Brown has mastered the high-stakes crypto-thriller with an unrelenting knack for reader manipulation. His postcard-length chapters, each ending on a cliff-hanger, virtually force a reader to say, "Okay, just one more" until it's close to dawn and the book is done. (The caveat to this is The Lost Symbol, Brown's last novel, which didn't even succeed as a compelling thrill-ride.)

Interestingly, this contradiction is much less acute in Brown's newest novel, Inferno, released Tuesday to massive sales and media coverage, for two reasons: Not only is he exploring new terrain (while still remaining in the world of unsolved historical mysteries and the wonders of art history), but he's becoming a better writer, to boot.

Inferno begins with Langdon waking up in a hospital room with no memory of how he's gotten there. "There," in this case, being Florence – the last thing Langdon remembers is being home in Massachusetts two days earlier. He doesn't remember how he got the gunshot wound marring his scalp, nor how the mysterious metal specimen tube, marked with a biohazard symbol, got into the secret pocket of his beloved Harris Tweed (which, two days earlier, didn't even have a secret pocket).

And he certainly doesn't remember the leather-clad, motorcycle-riding, punk-haired young woman who invades his hospital room, guns blazing, to finish the job she started the night before.
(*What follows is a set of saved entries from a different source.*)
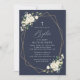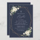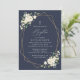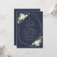Invite friends and family in style and set the tone for your special day with this elegant baptism invitation. Design features white watercolor flowers, greenery and gold frame on navy blue background.
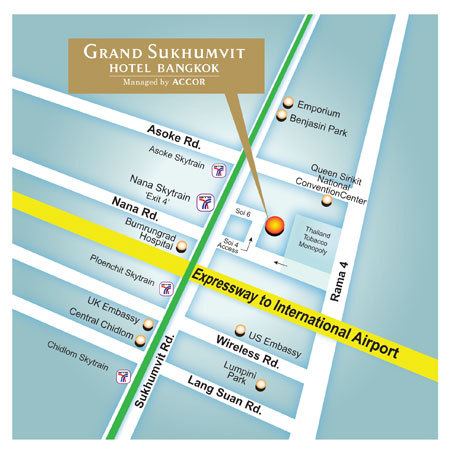 그랜드 수쿰빗 방콕호텔은 방콕의 중심가인 수쿰빗지역에서 꾸준히 인기가 있는 아코르계열과 관련있는 5성급 호텔입니다.
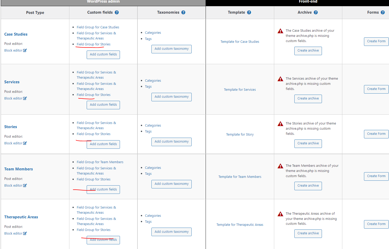 How do I limit certain field groups to appear in certain post types. Example I would like for Field Groups for Stories to only appear for Post Type Story.
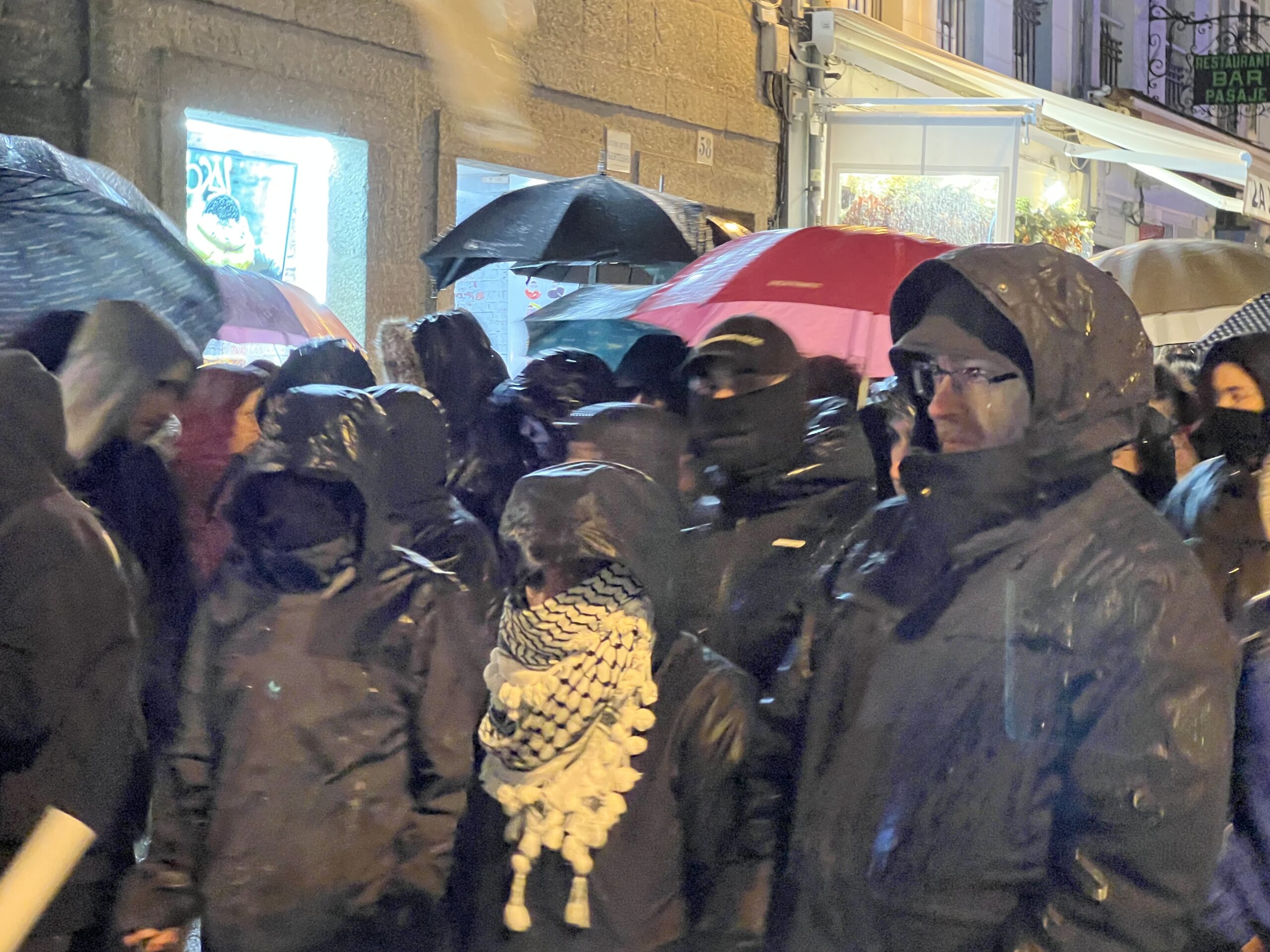 Dende a Praza de Cervantes, a marcha desprazouse até a Praza da Quintana para continuar pola rúa do Vilar, pasando fronte á Sala Yago, que fora tamén okupada no pasado, e dirixirse posteriormente cara a Porta Faxeira. Nese punto, o grupo, que nesta ocasión superaba o centenar de persoas, entrou na calzada, o que obrigou á Policía Nacional a realizar cortes improvisados do tráfico ao paso da manifestación.
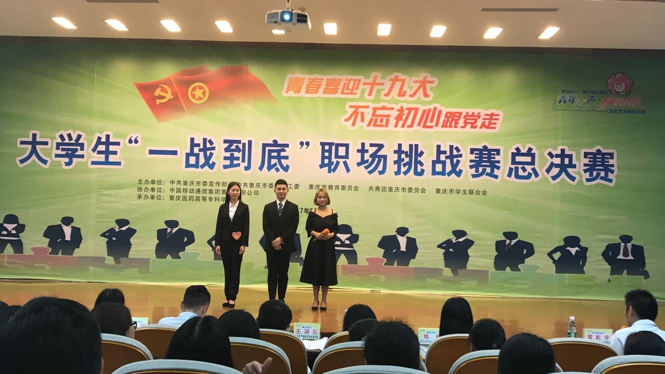 本次“一战到底”职场挑战赛活动以实际岗位为依托,吸引了来自全市高校1356名大学生踊跃报名,经过层层选拔,14名选手闯入决赛。决赛共设置了“职场初印象”“职场零距离”“职场再考评”“职场终选择”4个环节,最终获胜者将赢得重庆银行、大龙网(中国)集团有限公司、电讯盈科—香港电讯等用人单位的实习offer。我校张渝同学凭借良好的综合素质,精神饱满、沉着冷静,面对用人单位的犀利提问从容应对,精彩表现获得评委的一致好评,最后成功赢得了“实习直通车邀请卡”。

Langdon is saved by the quick thinking and actions of his doctor, Sienna Brooks. Will it come as any surprise that an attractive young woman with secrets of her own teams up with Langdon for this latest adventure? Of course it won't. Nor will it surprise you to learn that there's a mysterious, powerful, secretive, transnational organization involved, right?

But best to leave it there.

To describe anything beyond those opening scenes would be to rob the reader of a genuinely thrilling, engrossing and ultimately rewarding read. Forced into action to save his own life – and, it seems, the world – Langdon struggles to regain his memories while deciphering a series of cryptic clues that take him through the gardens, galleries, museums and secret passageways of Florence's Old City, filtered through the rubric of Dante's The Divine Comedy.
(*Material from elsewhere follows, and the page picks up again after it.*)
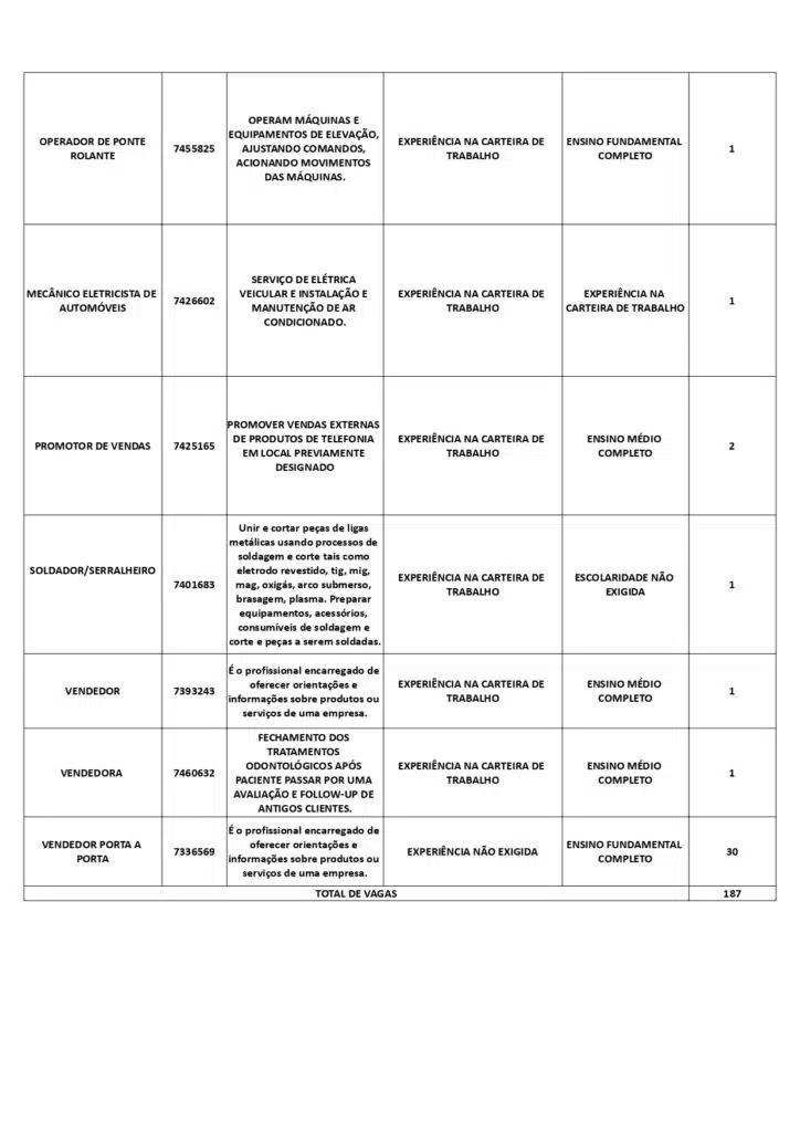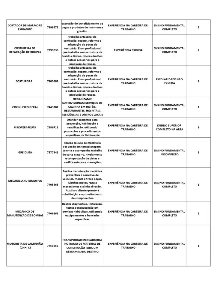 As oportunidades de emprego são para diversos cargos e níveis de escolaridade

While the historical and artistic material is standard for Brown, and as well-handled as one might expect, Inferno's success is due, in large part, to the solid integration of contemporary elements. While the clues are mapped out via Dante's journey through Hell, this isn't another case of Langdon vying with forces and organizations rooted in the dusty past; his foe, this time, is au courant, rooted in cutting-edge genetics, trans-humanist philosophy and a countdown clock with realistic, and terrifying, implications.

Unlike the noetic science which felt out of place in The Lost Symbol, Brown handles this new contemporary material with such aplomb that Inferno reads, at times, like a Michael Crichton thriller (and I mean that as the highest of compliments).

This contemporary awareness extends beyond the main narrative: Inferno, surprisingly enough, has moments of genuine humour, with sly references to self-publishing and Fifty Shades of Grey, and a seemingly self-aware sense of just how ridiculous Langdon can sometimes appear. The leavening is a good thing, both as a valuable counterpoint to the seriousness of the main plot, and as a bit of a wink to the reader, a sense of Brown saying "We're both here for a good time; let's not take ourselves too seriously, shall we?

And that, really, is the best approach. Sure, one could pick apart Brown's technical limitations for hours, but sometimes you just want a book that will keep you reading, the literary equivalent of a summer blockbuster in an air-conditioned theatre. Inferno is that book: thrilling and over the top, exotic and slightly daft, and satisfying to the very last word.